Depending on the female you went out with, this could have been horrible failure or supreme victory, to be honest.

The first night I went out with my now fiance, we were going to go to a movie... but missed the beginning by like a half hour... We ended up sitting in my car and just talking for most of the evening.
 
Evil, Mars, you cannot be helped until you help yourselves - you'll get to a point where you're sick of pining and move on. godspeed.

unknown, e-hugs, but I bet you won't regret it in a week's time and you're just sort of in shock because it's a big life change.

Cythraul, this isn't gorehound girl is it?

WAIF, don't use a c-unit and force her to take a morning after pill! huhuhuhuhuhhnnghh! (I WANT MORE DETAILS)

Krig, playing with cats doesn't necessitate fail. was there chemistry?

I feel like that movie "How Stella Got Her Groove Back" but without Taye Diggs and before she got her groove back. My recent few months of mild depression/feeling shitty constantly are kind of fucking up my relationship.
 
So this this one azn girl that I like, I only know her as Krampus, but I am really sexually attracted to her. I've never met her, and she lives on the other side of the world as me. What would be the best way for me to bang this girl?
 
So this this one azn girl that I like, I only know her as Krampus, but I am really sexually attracted to her. I've never met her, and she lives on the other side of the world as me. What would be the best way for me to bang this girl?

Show her your anime collection?
 
So this this one azn girl that I like, I only know her as Krampus, but I am really sexually attracted to her. I've never met her, and she lives on the other side of the world as me. What would be the best way for me to bang this girl?

She is the alter-ego of a fat middle-aged white American man. If you don't mind hairy dirty butt sex, there you go.
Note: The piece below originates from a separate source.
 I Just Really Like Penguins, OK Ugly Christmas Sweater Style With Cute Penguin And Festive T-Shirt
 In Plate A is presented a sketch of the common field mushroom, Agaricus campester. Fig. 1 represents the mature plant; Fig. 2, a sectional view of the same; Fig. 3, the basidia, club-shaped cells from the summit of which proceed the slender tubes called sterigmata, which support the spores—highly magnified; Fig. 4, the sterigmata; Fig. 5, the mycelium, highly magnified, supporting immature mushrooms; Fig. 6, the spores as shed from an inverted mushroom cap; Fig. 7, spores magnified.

Otherwise, save up for gender reassignment surgery.
 
Depending on the female you went out with, this could have been horrible failure or supreme victory, to be honest.
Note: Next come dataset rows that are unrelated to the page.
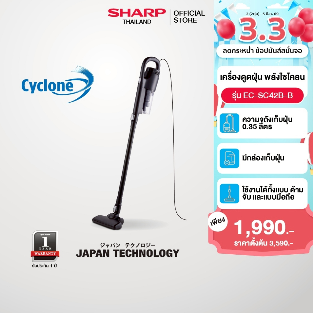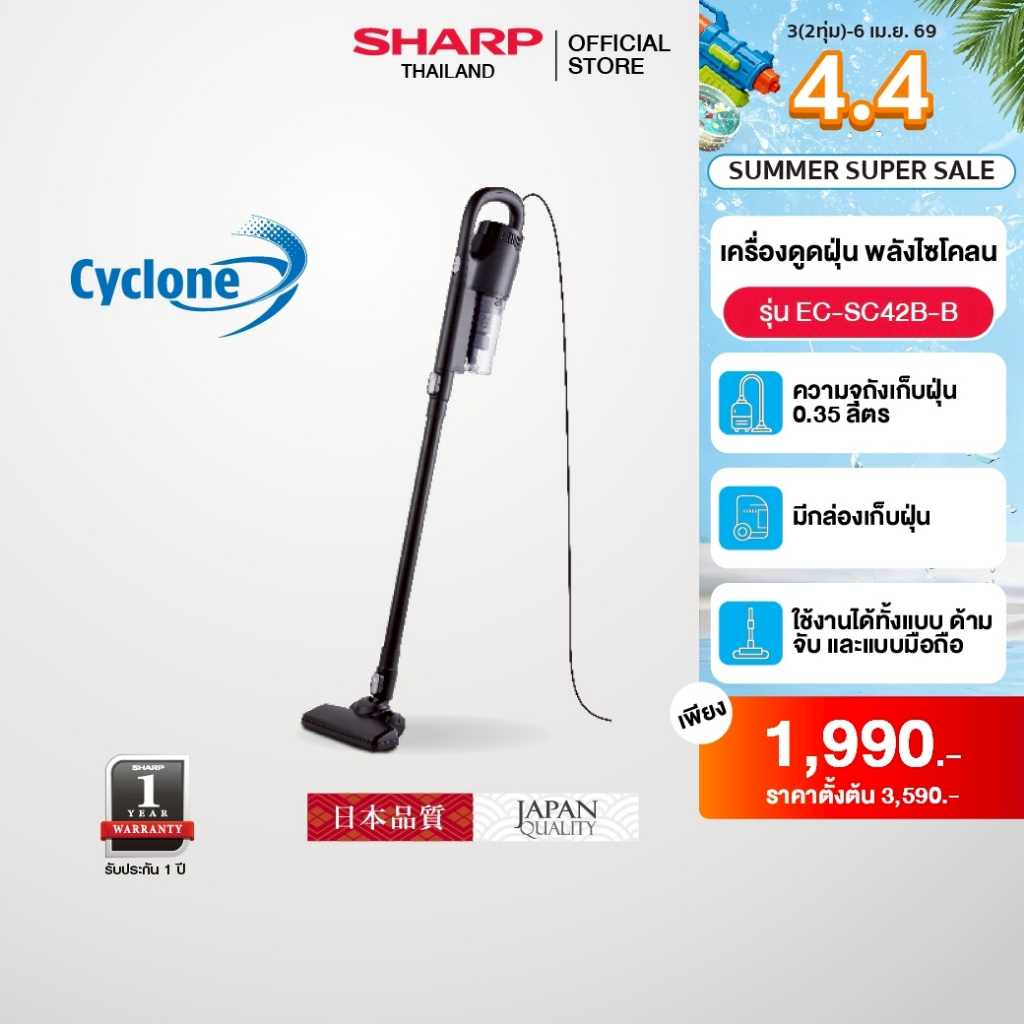 SHARP เครื่องดูดฝุ่นด้ามจับแบบมีสาย 450 วัตต์ ระบบพลังลมไซโคลน น้ำหนักเบา 1.9 กก. รุ่น EC-SC42B-B
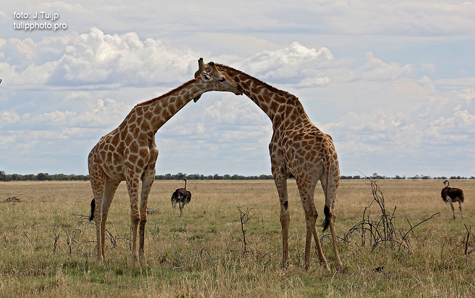 In Damaraland kwam de woestijn olifant op ons pad tijdens een van de vele game drives, en in de Sossusvlei beklommen we de oranjerode zandduinen waar Namibië zo beroemd om is. Ook maakten we hier s’ morgens vroeg een ballon vlucht over het sinistere ontwakende landschap. Naarmate je noordelijker komt wordt het landschap groener en natter. Zoals in het Etosha National Park waar vele olifanten, leeuwen, zebra’s krokodillen en nijlpaarden voor onze hardwerkende fotocamera’s verschenen. Via de Caprivi Strip – met veel dieren – in het noorden is de grenspassage naar Botswana de 1ste keer dat we met de Afrikaanse bureaucratie en stempelgekte te maken krijgen.
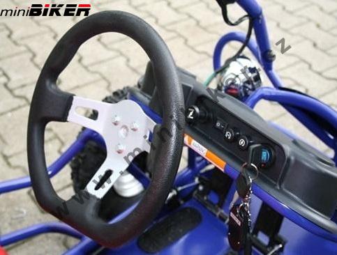 je elektrický startér, kterým buginu nastartujete a vypnete, ale také přední osvětlení a nožní brzda. Buginy jsou dvoumístné s pohonem zadních kol. Motor je umístěn v zadu za sedačkami. Nastavitelná tuhost předního i zadního odpružení.
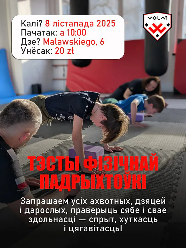 У суботу, 8 лістапада, спартыўны клуб «Волат» ладзіць у Варшаве восеньскае тэставанне фізічнай падрыхтоўкі.
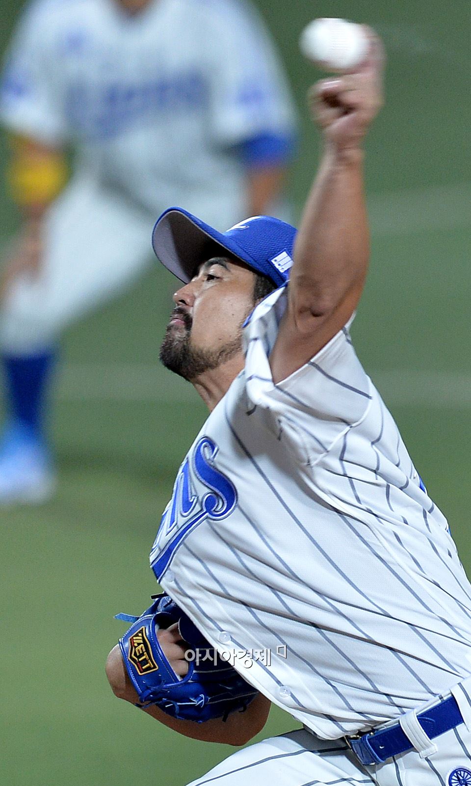 [대구=아시아경제 김현민 기자] 프로야구 2015 포스트시즌 두산 베어스와 삼성 라이온즈의 한국시리즈 2차전이 27일 대구구장에서 열렸다. 삼성 선발투수 장원삼이 역투하고 있다. 김현민 기자 kimhyun81@asiae.co.kr<ⓒ세계를 보는 창 경제를 보는 눈, 아시아경제(www.asiae.co.kr) 무단전재 배포금지>
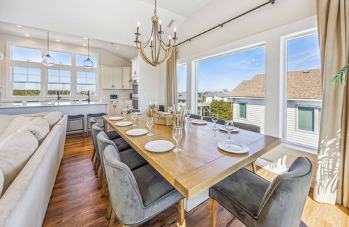Nestled in a tranquil cul-de-sac, Ocean View offers convenient access to a community boardwalk leading directly to the beach—perfect for pre-wedding photos or post-ceremony relaxation. Located in the heart of Outer Banks, you and your guests can explore nearby attractions, enjoy local seafood cuisine at charming restaurants, or indulge in shopping and entertainment options just minutes away. This prime location combined with the extravagance of the property makes it a desirable choice for couples seeking a picturesque setting for their special day.
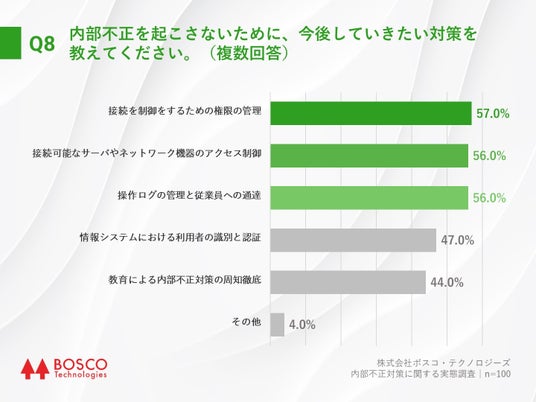 「Q8.内部不正を起こさないために、今後していきたい対策を教えてください。(複数回答)」(n=100)と質問したところ、「接続を制御をするための権限の管理」が57.0%、「接続可能なサーバやネットワーク機器のアクセス制御」が56.0%、「操作ログの管理と従業員への通達」が56.0%という回答となりました。

The first night I went out with my now fiance, we were going to go to a movie... but missed the beginning by like a half hour... We ended up sitting in my car and just talking for most of the evening.

Krig, playing with cats doesn't necessitate fail. was there chemistry?
hell I dont know. Im shit ass terrible at this stuff.
I work with her, so it seems a little different.
I honestly have no clue if she even likes me at all. She is either extremely shy, or she thinks im a moron and hungout with me just because she's too nice. :lol:
Im tempted to just blurt out that I like her. But hell, dunno if that is the smart thing to do.
I usually live by the saying "fuck it, who gives a shit" but for some reason I hold back with girls. Im just a shy bastard.
 
Don't tell her that you like her, but tell her what you like about her. Then try and gauge her reaction. If she seems genuinely flattered by your compliments, you may have a bite and should try setting the hook (if you will forgive my retarded fishing analogy).